此选项允许将摄像机视锥体外部的对象(即摄像机不能直接看到的对象)细分到较小的程度。越大的因素,较小的这出水果细分将。这种设置可以通过减少对“不重要的”对象的嵌套来帮助节省内存。然而,有时候一个物体可能在相机平截头体之外,但是仍然可以通过反射非常清晰地看到。或者它可能在摄像头平截体中投射一个清晰的阴影。对于这样的对象,应该使用较小的因子。因子为0.0将禁用此优化。关于这个问题的更详细讨论,请参阅下面的相关章节。
Limit Out-Of-Frustum Tessellation / Max Out-Of-Frustum Subdivs
极限出水果细分/最大出水果细分
When "Limit Out-Of-Frustum Tessellation" is enabled, you can specify the maximum number of subdivisions that should happen outside the camera frustum with the "Max Out-Of-Frustum Subdivs" option. This setting is useful when the "Out-Of-Frustum Tessellation Factor" setting can still yield excessive tessellation. This condition can happen when the mesh is using large displacements. For a more detailed discussion on this, please see the relevant section below.
当启用“ Limit Out-Of-Frustum tessation”时,您可以使用“ Max Out-Of-Frustum Subdivs”选项指定在相机平截头之外应该发生的最大子分割数。这个设置是有用的时候,“出水果细分因子”设置仍然可以产生过多的细分。这种情况可能发生时,网格使用大置换。关于这个问题的更详细讨论,请参阅下面的相关章节。
Displacement Settings
置换设置
Maximum Displacement
最大排水量
This parameter tells Redshift what is the maximum length the displacement shaders/textures will be displacing the vertices by. For example, if you're adding two displacement textures in the shader graph and each displacement texture can push the vertices by 1 unit, then both of them can push the vertices by a maximum of 2 units, so a setting of 2.0 should be used for this setting. Unfortunately, due to flexible nature of shaders, it's not currently possible to compute this value automatically. Settings similar to this can be found on other renderers, too. They might be called "bounds padding" or "min/max bound".
这个参数告诉红移什么是最大长度的置换着色器/纹理将取代顶点。例如,如果在着色器图中添加两个置换纹理,每个置换纹理可以将顶点推动1个单位,那么这两个纹理都可以将顶点推动最多2个单位,所以这个设置应该使用2.0的设置。不幸的是,由于着色器的灵活性,目前不可能自动计算这个值。类似的设置也可以在其他渲染器上找到。它们可以称为“边界填充”或“最小/最大界限”。
If the value for this setting is set too low, you will see a 'ceiling' on your displacements, i.e. the maximum displacement will be clamped. If, on the other hand, this value is set too high, there won't be any visual artifacts but the performance could suffer. It is, therefore, advisable to use a value that is as low as possible before seeing any artifacts.
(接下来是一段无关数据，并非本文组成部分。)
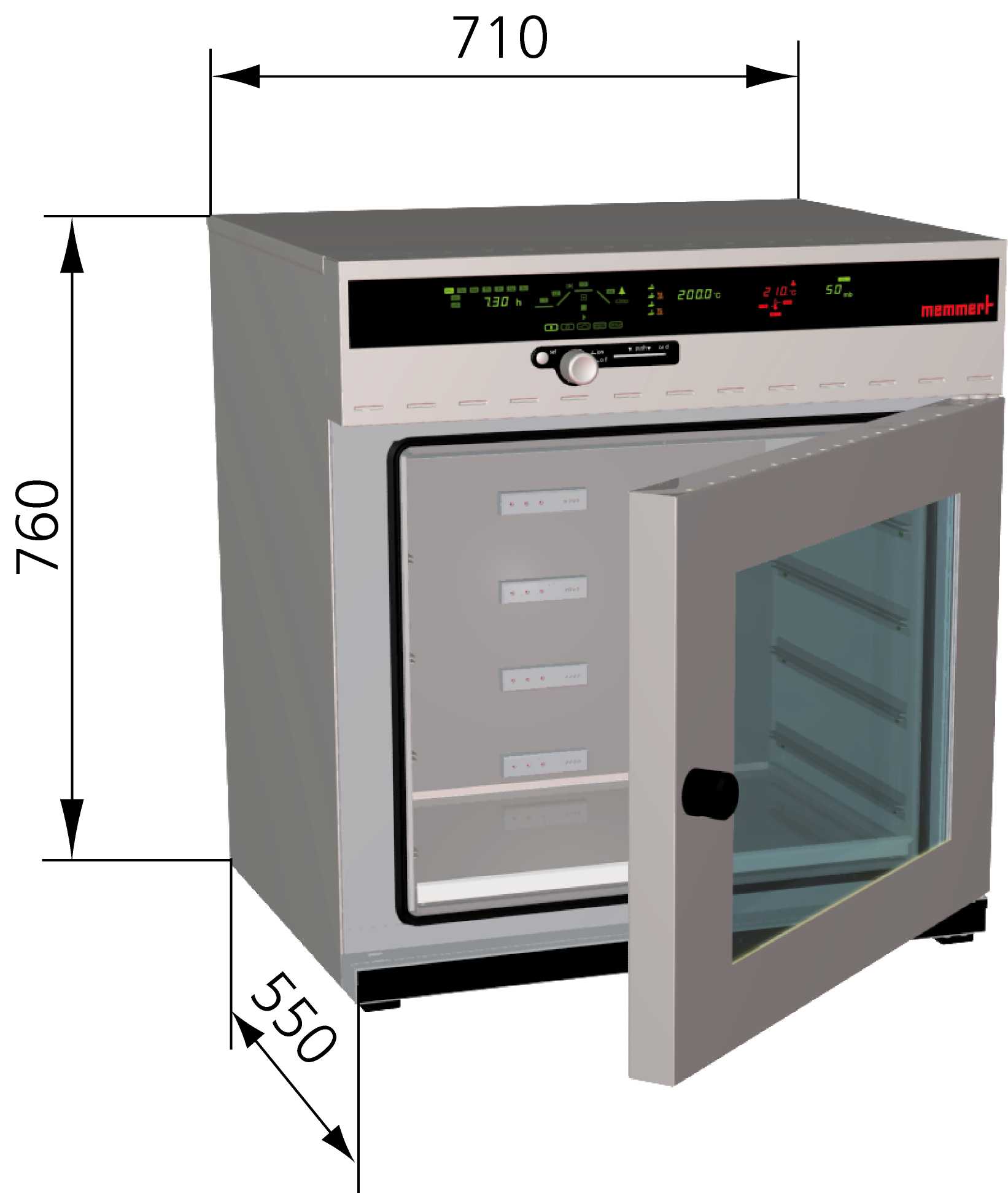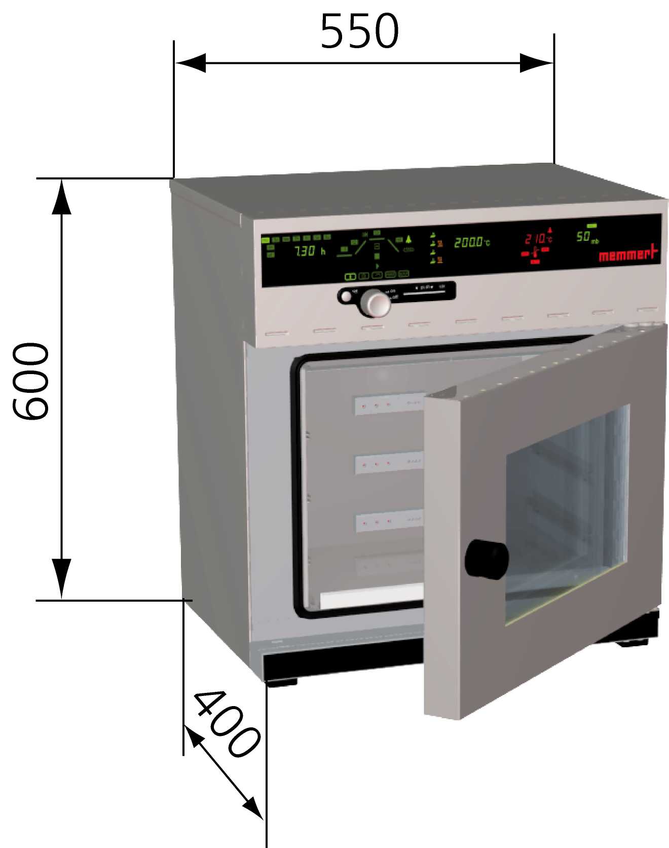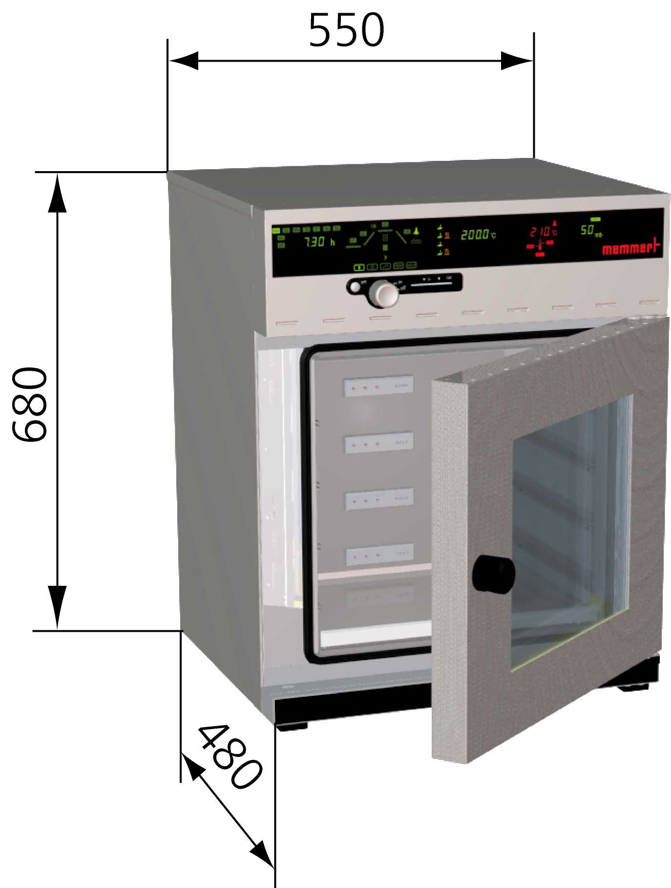 x 高h x 深d: 550 x 680 x 480 mm。內部全尺寸視窗安全玻璃門,15mm厚的高強度密封條。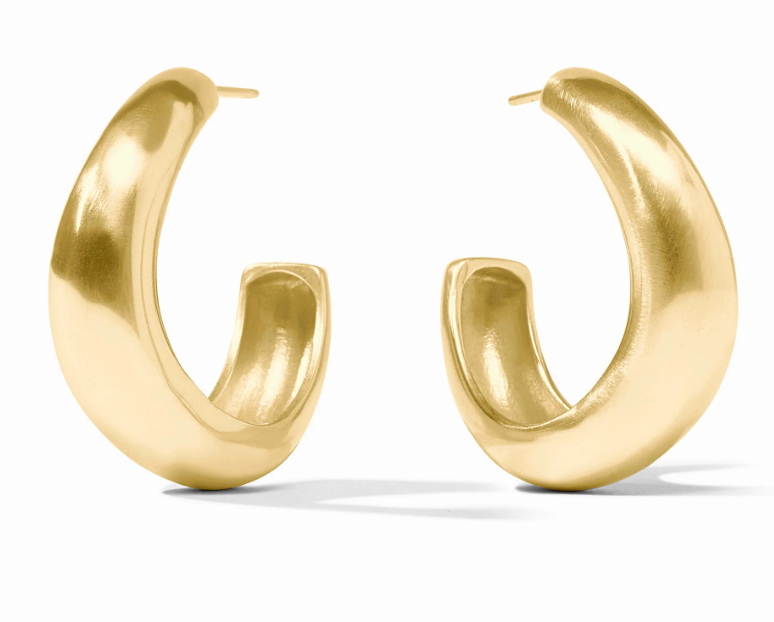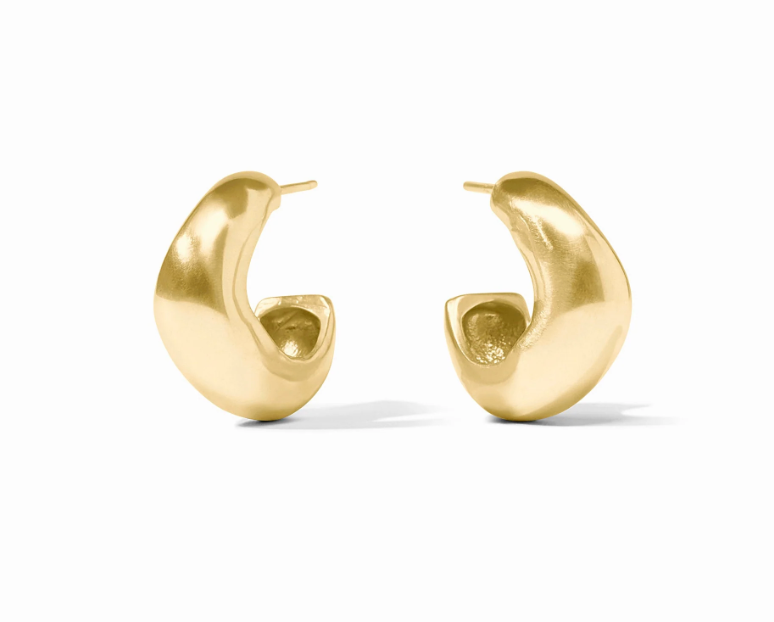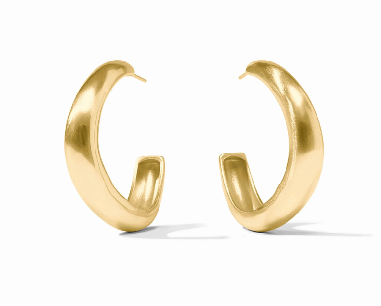 Indulge in timeless elegance with the Julie Vos Madison Hoop earrings. Crafted from hand-hammered 24K gold plate, these hoops softly shimmer in the light. Available in small, medium, and large sizes, and complete with post for pierced ears and 24K gold plated earring backs. Elevate your look with the Julie Vos hallmark.

如果这个设置的值设置得太低,你会在你的置换上看到一个“天花板”,也就是说,最大置换会被夹住。另一方面,如果这个值设置得太高,就不会有任何视觉工件,但是性能可能会受到影响。因此,在看到任何工件之前,建议使用尽可能低的值。
Displacement Scale
排水量表
This scales the displacement results, which has the effect of accentuating or toning down the displacement. While it is possible to scale the displacement in the shader graph itself, this setting was added for the case where the same displacement shader is used on different meshes but different levels of displacement 'strength' are required among these meshes.
这个尺度的置换结果,这有强调或调和下来的置换的效果。虽然可以在着色器图形本身中衡量置换,但是这个设置是为了在不同网格上使用相同的置换着色器,但是这些网格之间需要不同程度的置换‘强度’。
Below is a sphere displaced with a fractal shader.
下面是一个用分形着色器置换的球体。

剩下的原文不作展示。